## Task
Your copy of the listing should be exact and should contain no pictures.

Data below: Begin

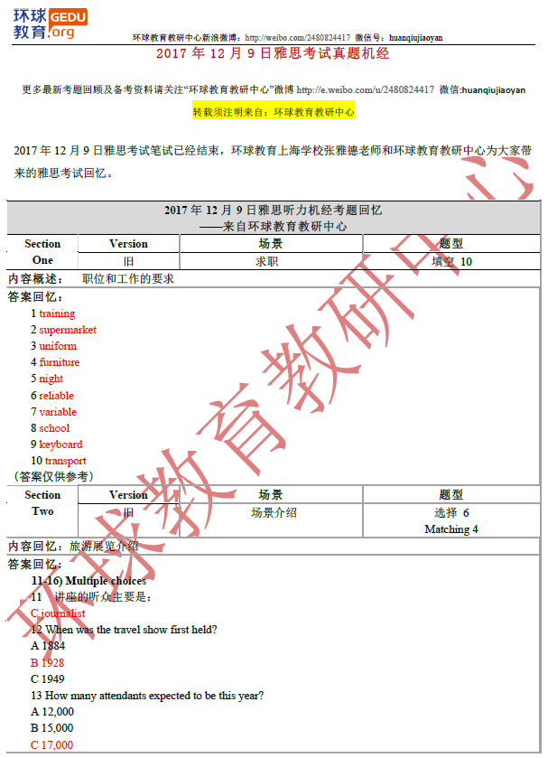 环球教育教研中心的名师们此次为大家送上2017年12月9日雅思听力考试回忆及答案,希望对大家备考雅思有所帮助!
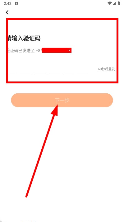 4、输入验证码后点击下一步,完成账号登录或注册。
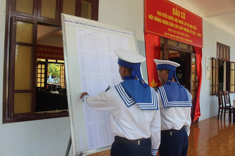 Sáng 16-5, quân và dân tại 20 điểm bỏ phiếu ở huyện đảo Trường Sa (Khánh Hòa) đã bỏ phiếu bầu cử đại biểu Quốc hội khóa XV, HĐND các cấp nhiệm kỳ 2021-2026, sớm hơn một tuần so với cả nước. Những điểm bỏ phiếu này thuộc hai xã đảo Sinh Tồn, Song Tử Tây và thị trấn Trường Sa.

Data below: End

## Solution for this problem
 环球教育教研中心的名师们此次为大家送上2017年12月9日雅思听力考试回忆及答案,希望对大家备考雅思有所帮助!
 4、输入验证码后点击下一步,完成账号登录或注册。
 Sáng 16-5, quân và dân tại 20 điểm bỏ phiếu ở huyện đảo Trường Sa (Khánh Hòa) đã bỏ phiếu bầu cử đại biểu Quốc hội khóa XV, HĐND các cấp nhiệm kỳ 2021-2026, sớm hơn một tuần so với cả nước. Những điểm bỏ phiếu này thuộc hai xã đảo Sinh Tồn, Song Tử Tây và thị trấn Trường Sa.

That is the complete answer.